Collected data entries
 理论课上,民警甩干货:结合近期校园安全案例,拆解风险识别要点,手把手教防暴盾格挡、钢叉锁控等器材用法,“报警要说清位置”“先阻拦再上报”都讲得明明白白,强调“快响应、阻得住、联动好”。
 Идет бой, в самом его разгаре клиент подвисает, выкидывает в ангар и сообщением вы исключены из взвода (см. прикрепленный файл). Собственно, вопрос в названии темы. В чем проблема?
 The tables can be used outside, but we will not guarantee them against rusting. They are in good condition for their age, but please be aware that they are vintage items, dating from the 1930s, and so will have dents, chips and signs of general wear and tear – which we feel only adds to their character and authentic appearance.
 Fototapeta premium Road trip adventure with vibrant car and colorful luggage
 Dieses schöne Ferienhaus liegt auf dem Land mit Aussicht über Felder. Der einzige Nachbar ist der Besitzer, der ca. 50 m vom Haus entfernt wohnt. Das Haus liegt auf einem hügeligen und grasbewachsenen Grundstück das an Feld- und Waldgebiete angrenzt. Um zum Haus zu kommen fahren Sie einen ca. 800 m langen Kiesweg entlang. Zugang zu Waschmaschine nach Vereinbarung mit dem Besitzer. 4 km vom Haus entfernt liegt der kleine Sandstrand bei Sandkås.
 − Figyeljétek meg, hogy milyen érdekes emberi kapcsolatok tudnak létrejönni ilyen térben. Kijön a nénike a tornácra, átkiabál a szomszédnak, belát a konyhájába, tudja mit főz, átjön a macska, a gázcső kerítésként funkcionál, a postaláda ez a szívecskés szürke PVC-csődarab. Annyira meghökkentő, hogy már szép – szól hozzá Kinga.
--
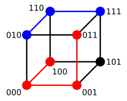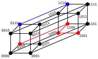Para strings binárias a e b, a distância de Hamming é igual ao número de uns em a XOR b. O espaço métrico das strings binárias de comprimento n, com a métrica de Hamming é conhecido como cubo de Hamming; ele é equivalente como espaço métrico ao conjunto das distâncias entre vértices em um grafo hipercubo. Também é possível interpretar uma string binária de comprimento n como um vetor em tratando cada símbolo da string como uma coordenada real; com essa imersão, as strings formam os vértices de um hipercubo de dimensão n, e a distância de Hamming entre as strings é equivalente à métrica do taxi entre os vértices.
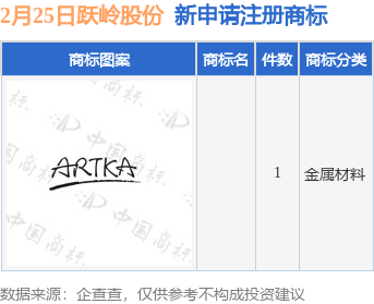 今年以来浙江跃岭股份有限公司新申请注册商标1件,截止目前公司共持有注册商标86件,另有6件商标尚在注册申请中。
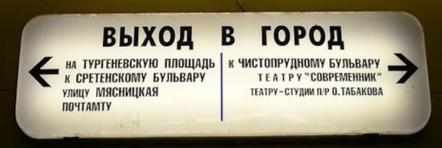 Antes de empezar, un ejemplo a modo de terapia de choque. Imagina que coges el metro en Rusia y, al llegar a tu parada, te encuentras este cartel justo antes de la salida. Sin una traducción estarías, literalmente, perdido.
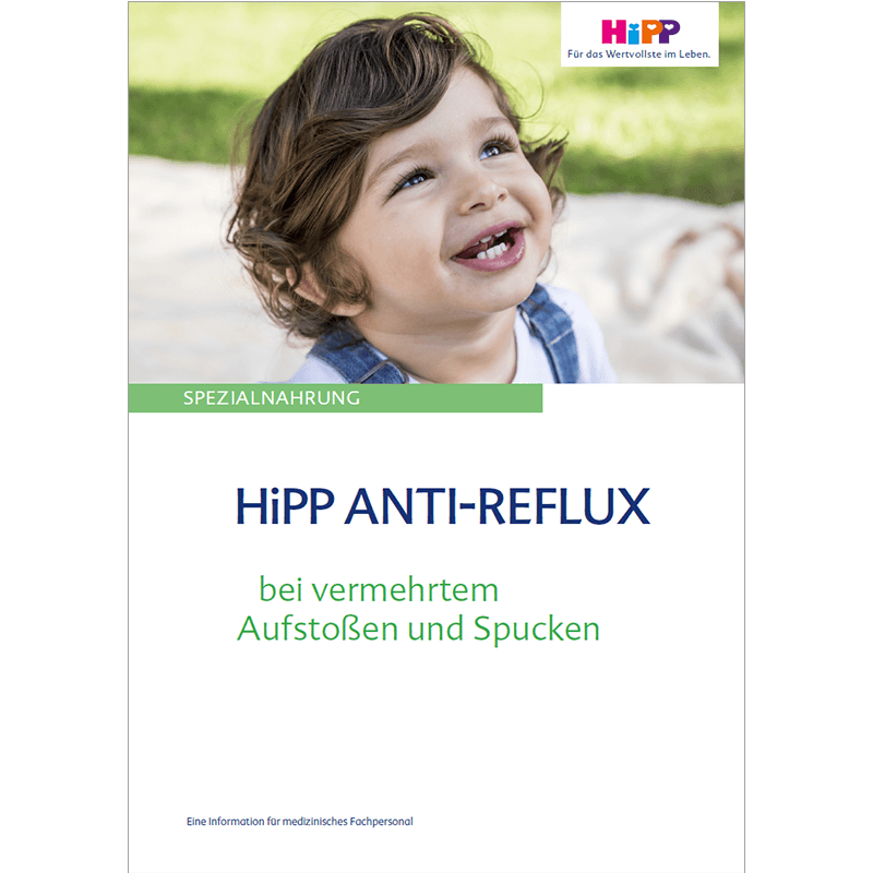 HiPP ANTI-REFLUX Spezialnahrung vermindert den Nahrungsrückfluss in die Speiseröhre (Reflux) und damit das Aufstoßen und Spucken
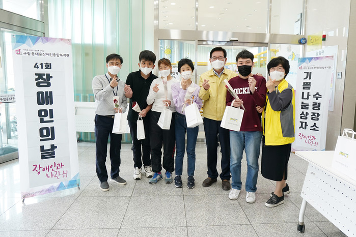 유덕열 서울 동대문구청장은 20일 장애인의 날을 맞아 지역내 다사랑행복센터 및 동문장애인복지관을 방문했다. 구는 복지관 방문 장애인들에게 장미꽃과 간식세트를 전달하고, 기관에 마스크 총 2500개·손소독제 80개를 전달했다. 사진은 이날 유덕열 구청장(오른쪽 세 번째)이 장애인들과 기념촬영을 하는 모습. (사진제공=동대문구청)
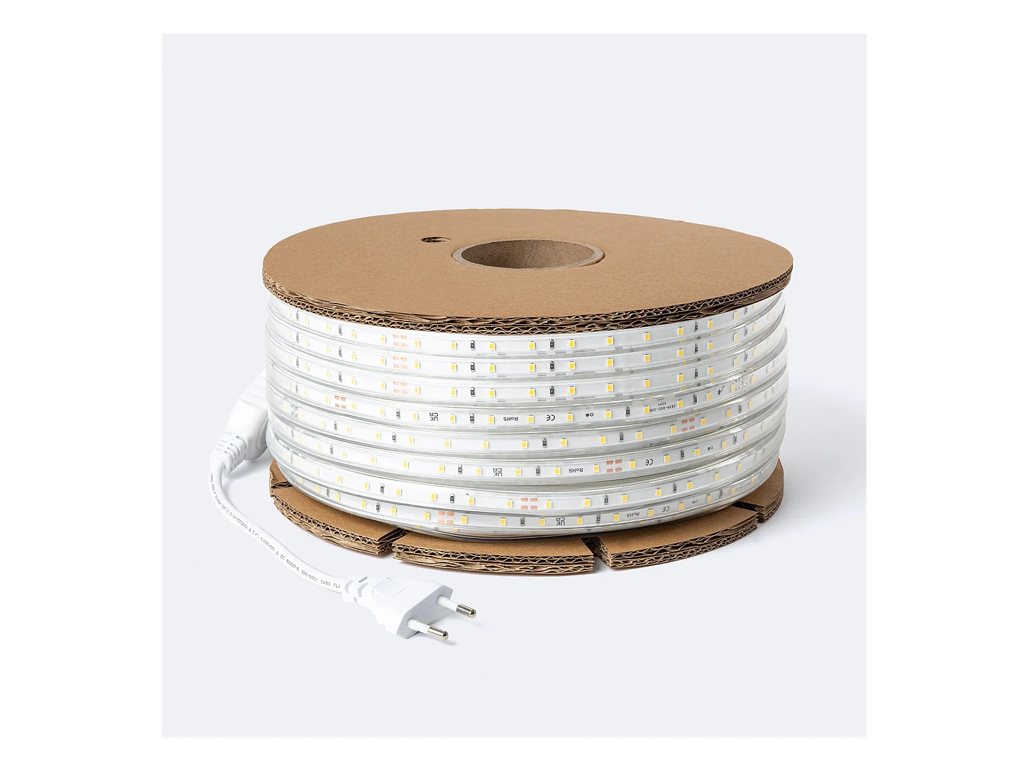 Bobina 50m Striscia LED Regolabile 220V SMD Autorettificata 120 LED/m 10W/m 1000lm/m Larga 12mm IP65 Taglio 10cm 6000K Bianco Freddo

> What is being asked
Print from the line containing "今年以来浙江跃岭股份有限公司" through the line containing "Bobina 50m Striscia" in the data above, exactly as the lines stand, and omit every picture.

> Exercise result
 今年以来浙江跃岭股份有限公司新申请注册商标1件,截止目前公司共持有注册商标86件,另有6件商标尚在注册申请中。
 Antes de empezar, un ejemplo a modo de terapia de choque. Imagina que coges el metro en Rusia y, al llegar a tu parada, te encuentras este cartel justo antes de la salida. Sin una traducción estarías, literalmente, perdido.
 HiPP ANTI-REFLUX Spezialnahrung vermindert den Nahrungsrückfluss in die Speiseröhre (Reflux) und damit das Aufstoßen und Spucken
 유덕열 서울 동대문구청장은 20일 장애인의 날을 맞아 지역내 다사랑행복센터 및 동문장애인복지관을 방문했다. 구는 복지관 방문 장애인들에게 장미꽃과 간식세트를 전달하고, 기관에 마스크 총 2500개·손소독제 80개를 전달했다. 사진은 이날 유덕열 구청장(오른쪽 세 번째)이 장애인들과 기념촬영을 하는 모습. (사진제공=동대문구청)
 Bobina 50m Striscia LED Regolabile 220V SMD Autorettificata 120 LED/m 10W/m 1000lm/m Larga 12mm IP65 Taglio 10cm 6000K Bianco Freddo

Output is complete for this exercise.